Thunem followed this a few months later by competing at the 2014 IPC Swimming European Championships in Eindhoven. There were no races organised at the championships for S1 swimmers, so Thunem competed in as many races as possible in the events closest to her classification, even though that meant entering the S4 for both the 50m and 100m freestyle. She won three medals in total, the bronze in the 100m backstroke (S2), and she helped her Norwegian teammates take silver in both the Women's 50m freestyle relay (20 points) and the Women's 50m medley relay (20 points).

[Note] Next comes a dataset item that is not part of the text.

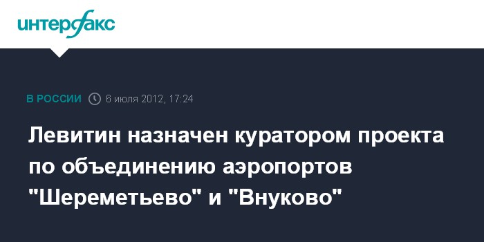 Левитин назначен куратором проекта по объединению аэропортов "Шереметьево" и "Внуково"

The following year, Thunem travelled to Glasgow to compete in the 2015 IPC Swimming World Championships. As in the European Championships the year previous, no S1 classification races were contested. Thunem was more selective on this occasion and chose only three events, the 50m backstroke (S2), 100m backstroke (S2) and the 100m breaststroke (SB4). Thunem pulled out of the breaststroke, but she won bronze medals in both of the backstroke events.

In the buildup to the 2016 Summer Paralympics Thunem appeared at her second European Championships, this time held in Funchal, Madeira. In the 50m freestyle S2 she won the gold medal, beating her closest rival and S2 competitor, Alexandra Agafonova, by over 12 seconds. Thunem added a silver in the 50m backstroke (S2) and bronze in the 100m backstroke (S2).

== Personal life ==
In 2010 Thunem contracted a neurological disease that caused paralysis, primarily in her legs for which she required a wheelchair. In 2012 her condition worsened resulting in further paralysis, this time across the whole right-hand side of her body. Thunem was hospitalized again in 2014, with a blood infection which left her comatose for a period, though she was back in training by the end of the year.

Thunem is a lesbian, and revels in her identity as belonging to "a double minority".